The platform became the automation backbone for the entire content block, not just a photo editor. Tracked next steps include: product videos for private labels, ERP integration by listing status, and automated content intake from suppliers.

The content team is no longer the assortment onboarding bottleneck — this unblocked the client's strategic pivot to the mass market, where new arrival speed competes directly with marketplaces.

AI Catalog Photo Processing — Ecosystem
Ecosystem
AI Catalog Photo Processing — Now and in the future
Now and in the future
The main pain was not uploading photos, but processing them: we tried running Photoshop at scale, but the guide alignment and insets kept going off every time.

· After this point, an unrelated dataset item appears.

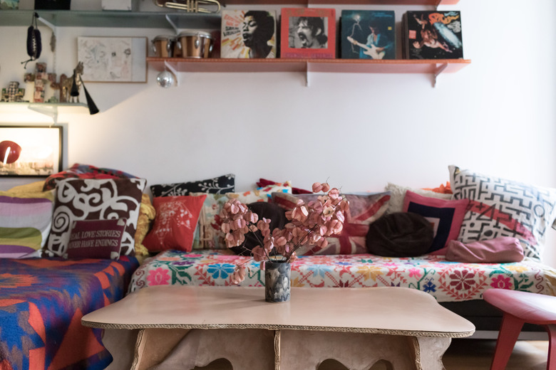 Below the far set of shelves is the family's lounge area inspired by Jimi Hendrix's Mayfair apartment, with an L-shaped couch, brightly patterned throw blankets, and equally vibrant pillows, as well as an assortment of chairs. A bright-red Eames LCW chair that used to be in former KCRW music director Nick Harcourt's office; stained bentwood chairs, made of a wood composite called Palmstrate, designed by friend Jonas Hauptman; and a wicker rocking chair from a garage sale add more personality to the space. There's also a bulbous lamp made of silkworms by Angus Hutcheson and an ultra cool coffee table of corrugated cardboard by Joel Stearns, who built cardboard furniture for Gehry in the '80s.

Now the standard is applied to every listing automatically, and the team doesn't work in crisis mode before peak periods.
— Head of Content, e-grocery retailer

The metrics and results presented reflect outcomes of a specific project and depend on its initial conditions. They are provided for informational purposes only, do not constitute a public offer, and do not guarantee similar results in other projects. Supporting materials are available on request.